И, как в игре «Найдите семь отличий», первые три сразу бросаются в глаза.
Улисс постарел. Улисс растолстел. И Улисс явно не разбогател.
На нем заношенная гавайская рубашка в зелено-розовых тонах с поникшими пальмами и увядшим гибискусом. Он тычет пальцем в соседний стул:
– Садись!
Теперь ни в его глазах, ни в его голосе уже нет былой мягкости.
Я усаживаюсь, стараясь не порвать чулки о щербатый пластиковый стул, одергиваю форменную юбку, развязываю красную косынку и пытаюсь улыбнуться, поглядывая на стоящую перед Улиссом литровую кружку пива Stone IPA.
Перед тем как заговорить, он сразу вливает в себя половину.
– Помнишь? Уходя от меня двадцать лет назад, ты обещала брату Лоренцо, что он разбогатеет. Станет кардиналом, даже папой римским. Папой поп-музыки. Ты здорово ошиблась, как видишь…
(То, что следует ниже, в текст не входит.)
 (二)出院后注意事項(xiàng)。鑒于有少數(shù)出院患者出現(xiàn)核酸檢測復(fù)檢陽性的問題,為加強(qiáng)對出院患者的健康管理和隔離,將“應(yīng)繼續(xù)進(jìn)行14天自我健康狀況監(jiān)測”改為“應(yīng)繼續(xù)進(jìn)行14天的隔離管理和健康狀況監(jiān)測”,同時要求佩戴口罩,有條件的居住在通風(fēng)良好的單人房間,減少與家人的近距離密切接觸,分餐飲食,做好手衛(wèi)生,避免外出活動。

Я смотрю на ряд почтовых ящиков у двери здания за спиной Улисса. Теперь от двух десятков табличек с именами мелких независимых продюсеров осталась одна – Molly Music.
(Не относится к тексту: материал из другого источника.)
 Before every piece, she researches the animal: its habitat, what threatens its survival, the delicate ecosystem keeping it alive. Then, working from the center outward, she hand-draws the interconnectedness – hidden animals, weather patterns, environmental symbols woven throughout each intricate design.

– Я, как и все другие, дал себя сожрать, – поясняет Улисс. – Теперь @-TAC Prod не что иное, как микрофилиал крупной рыбы, мэйджора, как нынче выражаются. Мне всего лишь позволяют выжить, я им почти ничего не стою, да и прибыли больше совсем не приношу. Нас тут таких пара десятков в их треклятом офисе, который они намерены еще уменьшить, чтобы расширить зал для фитнеса… И большинство молодых идиотов, которые не слушают ничего, кроме рэпа, проголосовали за это! Так что теперь, как видишь, у меня даже прежнего жалкого офиса нет, чтобы тебя принять. Но я не жалуюсь, нет! Так даже лучше, чем двадцать лет назад. Здесь и кондишен имеется, и бургеры «Калифорния» такие же обалденные. Что тебе заказать?
Я не отвечаю.
Вспоминаю, что в 1999 году Улисс впервые обратился ко мне на «ты». Мне не без труда удалось ответить ему тем же.
Он продолжает разглагольствовать:
– Нет, Натали, я не жалуюсь, даже если ты промахнулась со своими пророчествами. Я живу своей страстью к музыке, своими скромными успехами, скромными открытиями, общаюсь с моими старыми лабухами, такими же неудачниками, как я сам, которых продвигаю по мере сил. Главное, я не продал душу дьяволу. Что, впрочем, не помешало мне постареть… И гораздо сильнее тебя, Натали! Ты ухитрилась остаться такой же красоткой, как двадцать лет назад.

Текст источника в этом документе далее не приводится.